Asteroid Impacts Hit Women the Hardest

I don’t really know a whole lot about “science” junk. A lot of it is patriarchal gobbledegook that I usually don’t bother with. Especially the bits that don’t support the narrow ideological world-view that I passionately cling to no matter what.

And I’m especially disinterested in astronomy. Such violent, male-glorifying concepts as the “Big Bang” are a Big Turnoff; the phrase “Black Hole” was developed by misogynistic, gynophobic astronomers to frighten wimyn away from their suspiciously penis-like observatories.

But this article caught my eye because of the sheer horror it embodies for all womin everywhere: Space “probe” pulls alongside asteroid.

And why do you think this so-called “probe” is there? Look what’s going to happen!


The Hayabusa probe is going to brutally RAPE that poor astro-victim! A horrid phallus is going to be fire its seed into the pure and virginal surface of that innocent, passive space-rock in an attempt to humiliate and degrade all us wimmin back on earth. This wretched act was deliberately calculated to keep us living in our usual state of perpetual fear!

And this is a pattern, my sisters. An unmistakable pattern that I see time and time again everywhere I turn.

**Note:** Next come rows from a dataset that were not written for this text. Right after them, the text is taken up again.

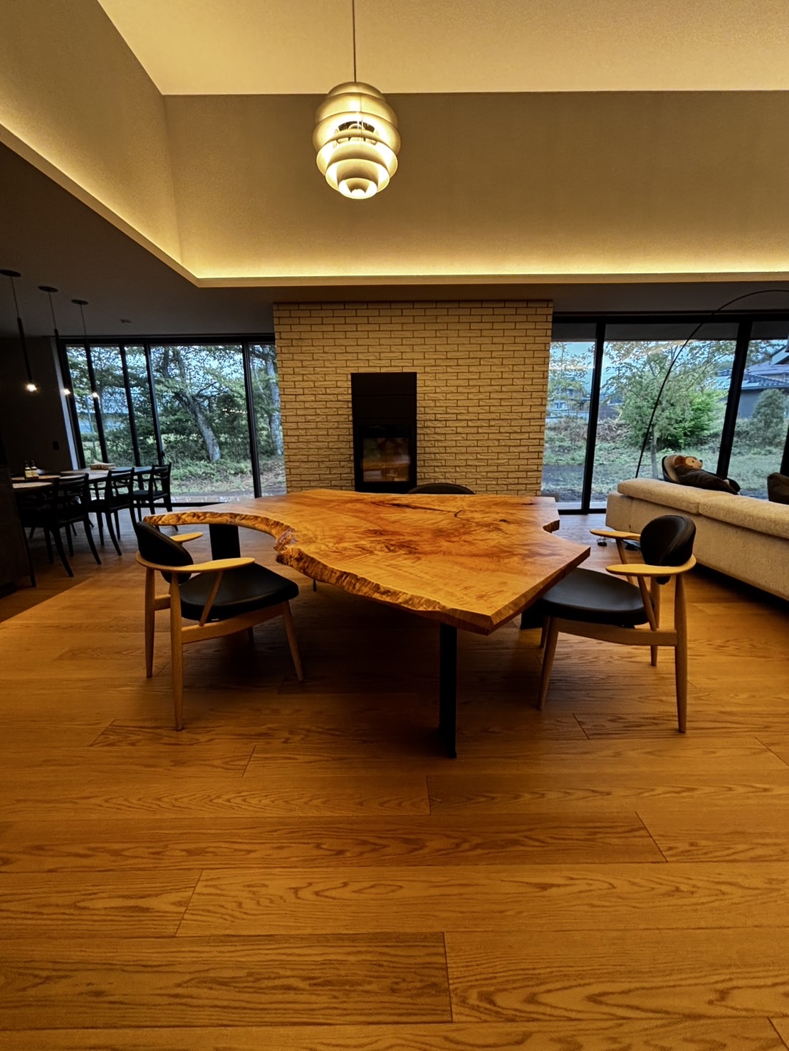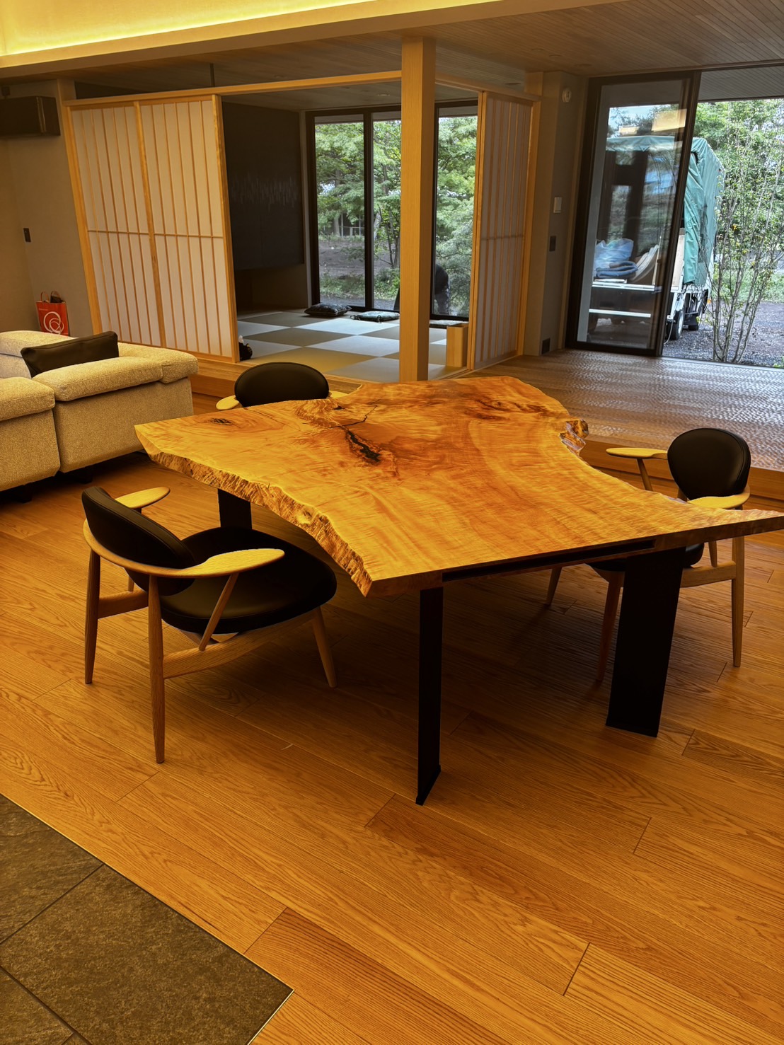 この度、大手ハウスメーカー様のご紹介で個人のお客様の邸宅へ、私どもの新ブランド「ITAKURA 2.0」の一枚板テーブルを納めました。豊かな自然に囲まれた美しい空間に、唯一無二の表情を持つ栃(トチ)の一枚板が溶け込み、新たな命を吹き込みます。
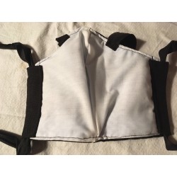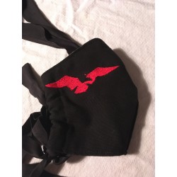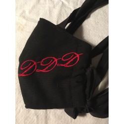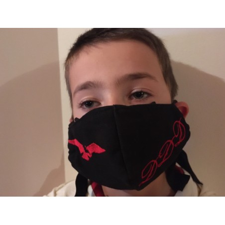 Masque noir aux couleurs du Domaine de Dernacueillette. En coton doublé avec filtre à l'intérieur. Lavable à 90°C.
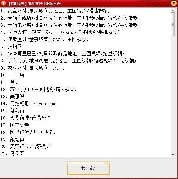 载图助手是一款电商平台图片下载器,可以下载阿里、京东、天猫、苏宁易购,蘑菇街等网店图片,可以批量下载,分类保存,支持智能断点续传,是网络贸易辅助能手。【软件功能】
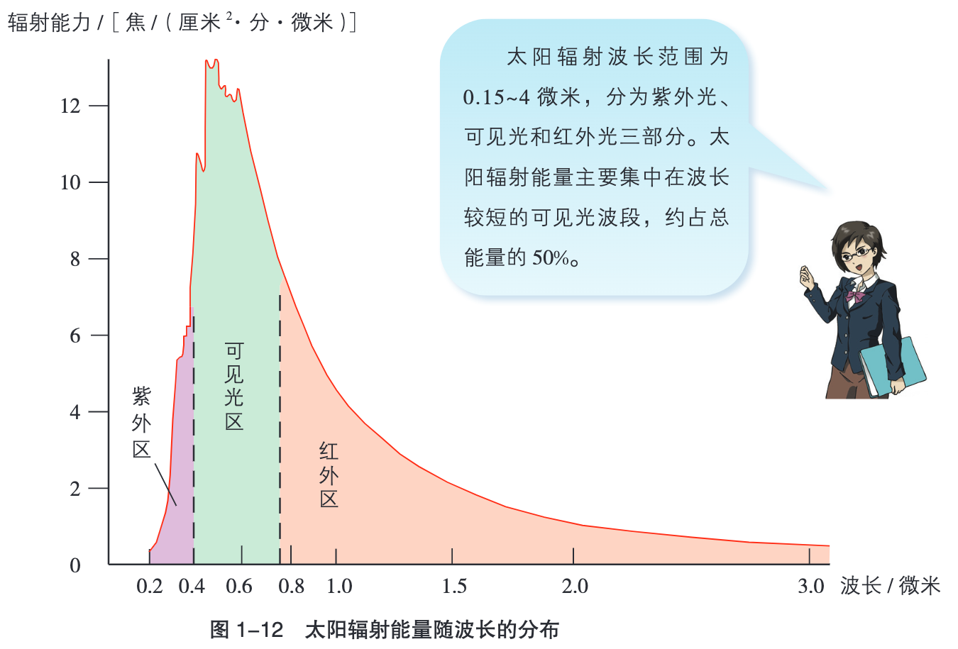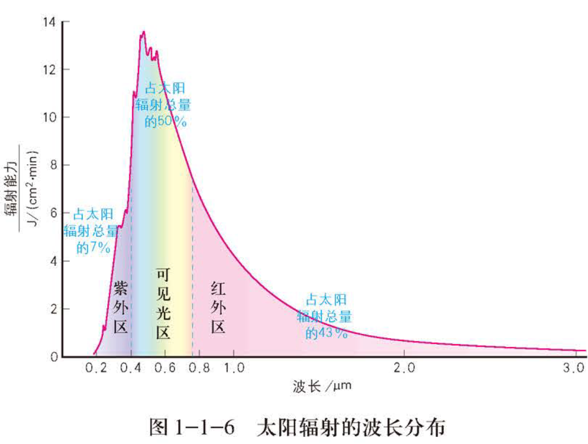 太阳辐射的电磁波波长范围主要在0.15~4.0微米,其中波长在0.4~0.76微米的称为可见光。太阳辐射能主要集中在可见光部分,约占太阳辐射总量的50%。
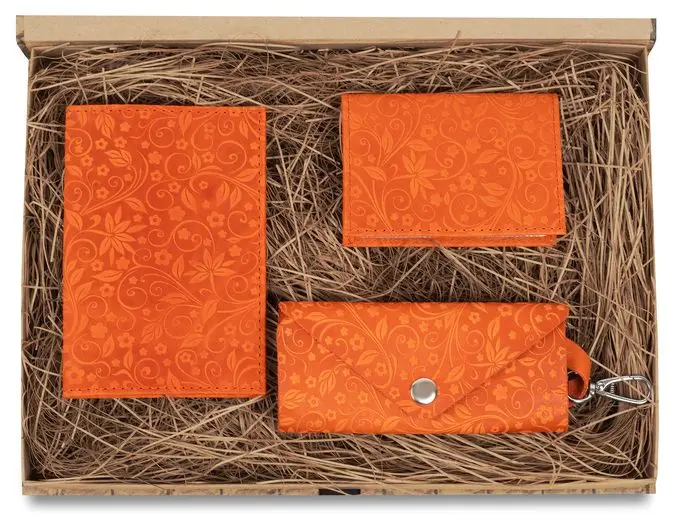 Подарочный набор "Классик" из натуральной кожи, рыжий, тиснение "Флаверс"
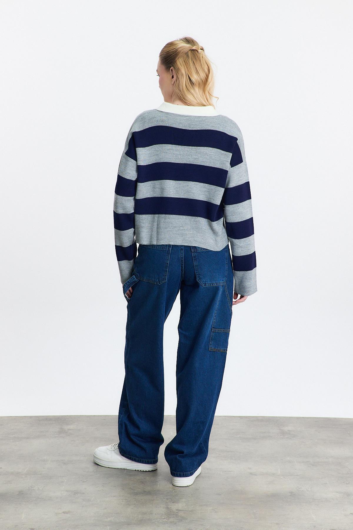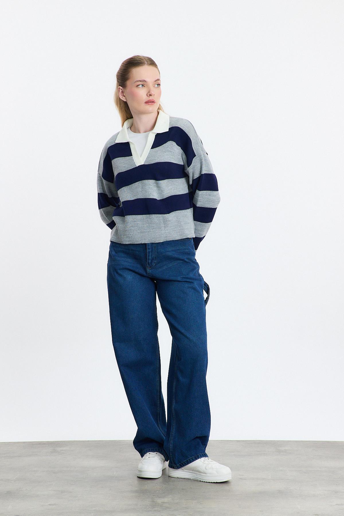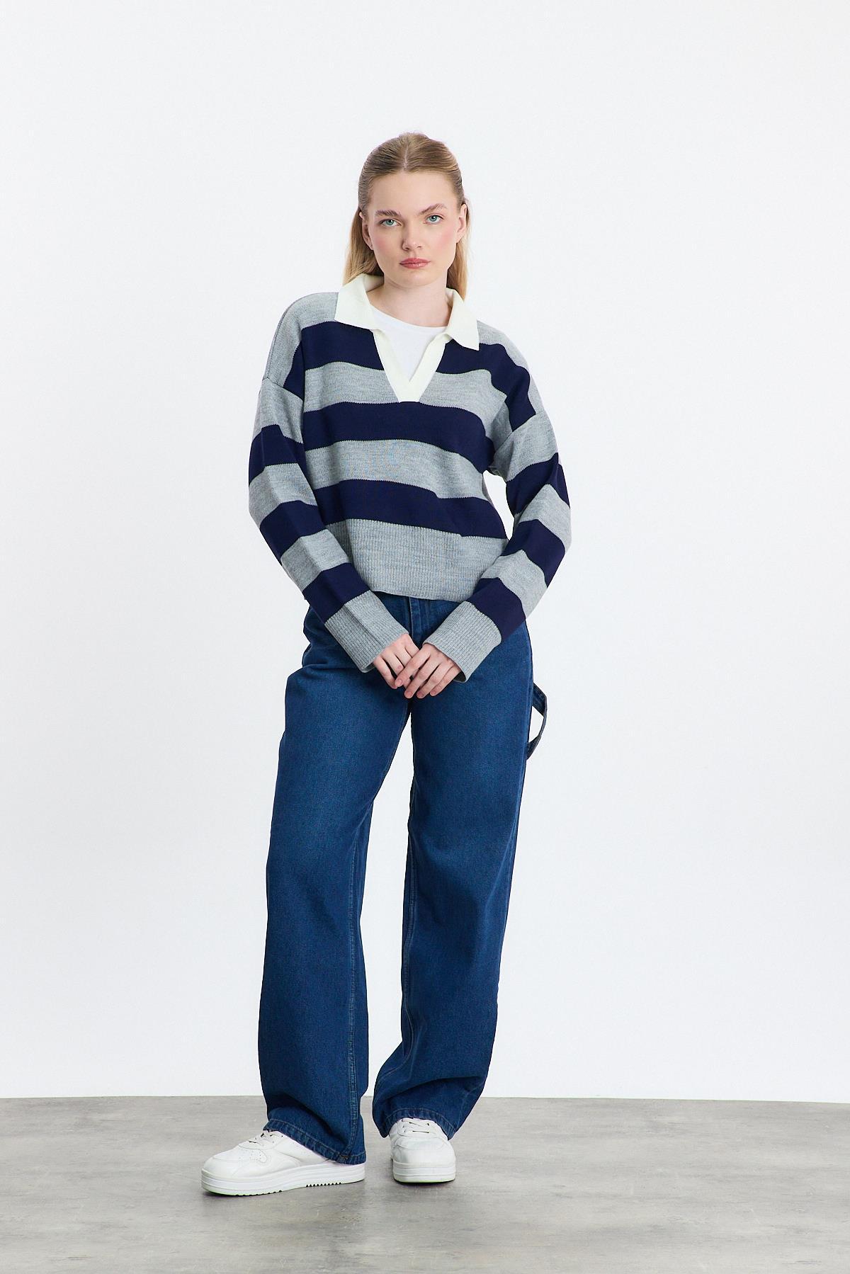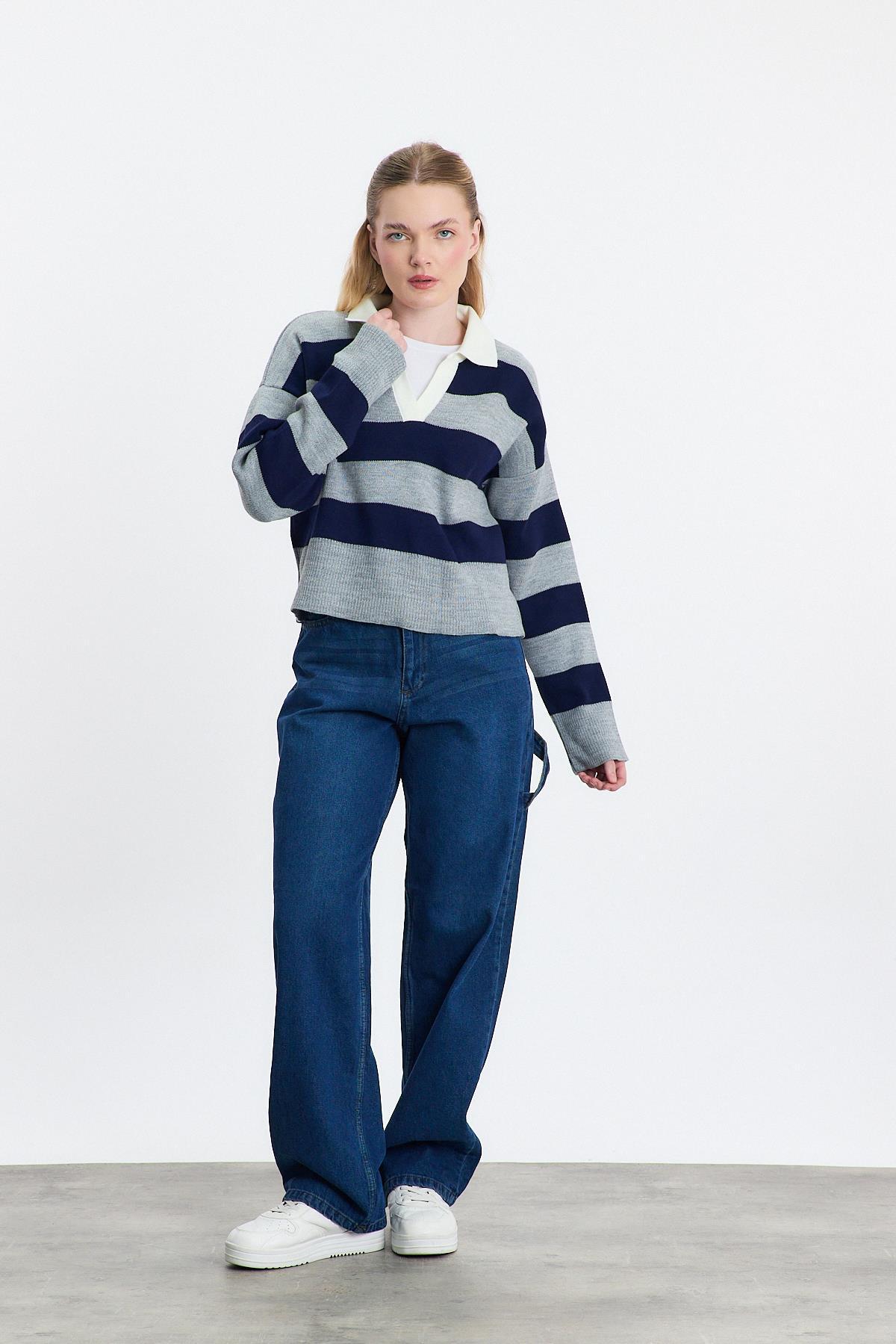 24379 Polo Yaka Çizgili Kazak Füme
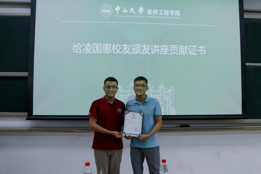 在讲座的尾声,蓝澍德副书记为凌国惠校友颁发了讲座贡献证书。在同学们热烈的掌声中,本次活动圆满结束。
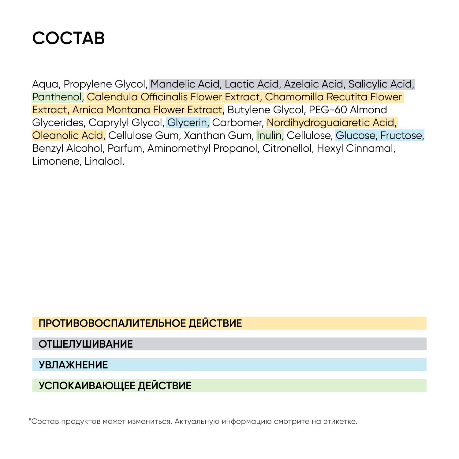 Состав: aqua, propylene glycol, mandelic acid, lactic acid, azelaic acid, salicylic acid, butylene glycol, peg-60 almond glycerides, caprylyl glycol, glycerin, carbomer, nordihydroguaiaretic acid, oleanolic acid, panthenol, calendula officinalis flower extract, chamomilla recutita flower extract, arnica montana flower extract, cellulose gum, xanthan gum, inulin, cellulose, glucose, fructose, benzyl alcohol, parfum, aminomethyl propanol
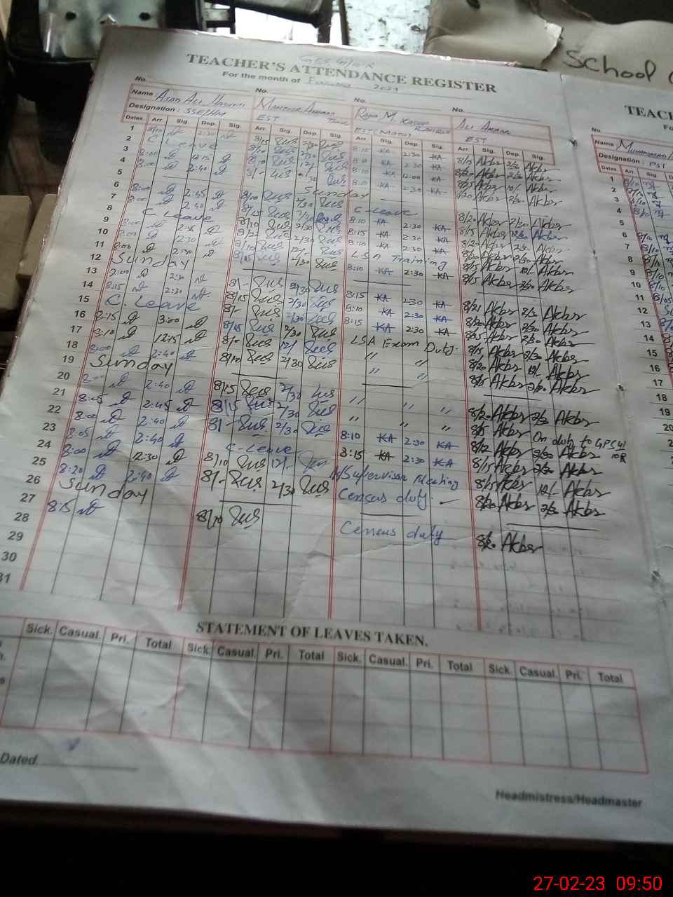 | Attendance Register | Head Teacher | MEA with School | Visit Proof |
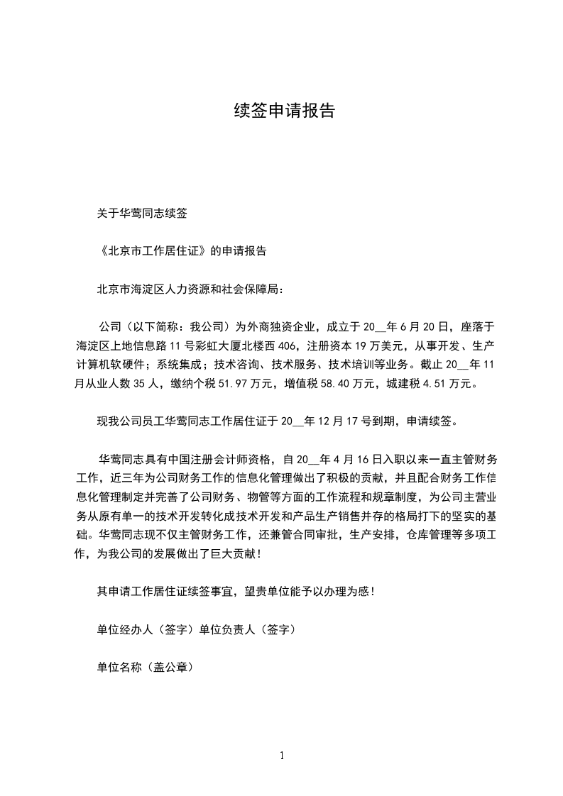 现我公司员工华莺同志工作居住证于20__年12月17号到期,申请续签。
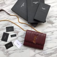 YSL 最新款 信封小包 活动锁扣 22*6*16cm 酒红色
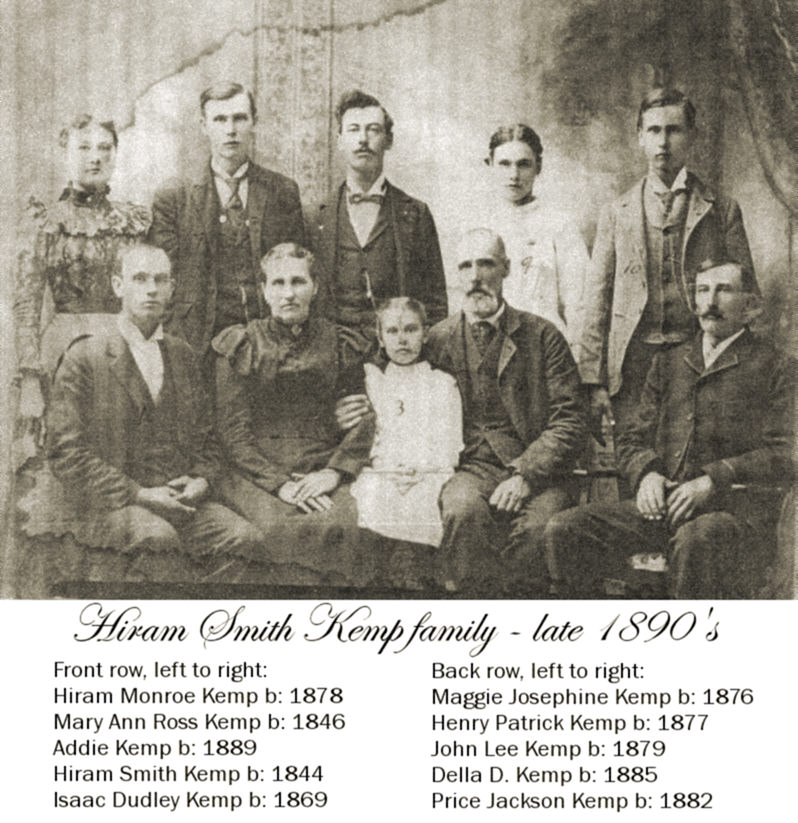 Hiram Smith Kemp family, late 1890's. Hiram S. Kemp was my 2nd cousin 4 times removed. He married Mary Ann Ross on Aug 11, 1867. Seated left to right; Hiram Monroe Kemp (b: 1878, later married Bertie Cleveland), Mary Ann Ross Kemp (b: 1846), Addie Kemp (b: 1889, later married Rufus T. Payne), Hiram Smith Kemp (b: 1844), Isaac Dudley Kemp (b: 1869 married Martha A. Victoria Pasley). Back row, left to right: Maggie Josephine Kemp (b: 1876), Henry Patrick Kemp (b: 1877), John Lee Kemp (b: 1879), Della D. Kemp (b: 1885 later married Luther Moore), Price Jackson Kemp (b: 1882).
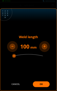 Ao concluir uma passagem de solda, o comprimento da solda pode ser inserido na visualização do status da solda selecionando o símbolo de comprimento e “Definir comprimento” (*).
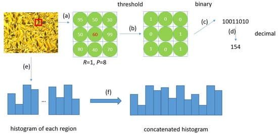 The LBP method is a significant breakthrough in texture analysis. It is widely used for texture analysis and classification in computer vision and image classification. The basic idea behind the LBP algorithm is to encode an image’s local structure or texture information by comparing the intensity values of a central pixel with its neighboring pixels. The scheme of the LBP algorithm is presented in Figure 3. At first, each pixel g c in the image is compared with a chosen number of neighboring pixel points (P) in a chosen distance, a radius R, from that pixel g c (see Figure 3a). The user chooses the R and P values. Next, the values of neighboring pixels g i are binarized (can take two possible values 0 or 1), due to the value of the central pixel g c following with Equation (1) (Figure 3b):

In July, the notoriously female-unfriendly NASA used a distinctly penile-shaped craft to put-on a sick interplanetary porn show. This so-called “Deep Impact” mission Deep Throated a heavenly body by painfully augering a “penetrator” deep within its silky soft comet-pussy in a non-consensual manner.


This sick astro-rape fantasy was seen online by thousands of horny perverted men! And in the typical game of blame-the-victim, they probably accused poor Tempel 1 of deserving it because she wore a short skirt. The bastards.

And what would happen if a ponderous chunk of oppressive male debris decides to rape Mother Earth?


Without a doubt, wimyn will be the biggest victims of all because we are uniquely vulnerable to having tons of red-hot nickel-iron falling out the sky at high velocities. Men will stand-around laughing at us without a scratch while us poor womyn get smashed to atoms!

Sisters, maybe I say this every week, but I have never before been so angered in my life as I am right now!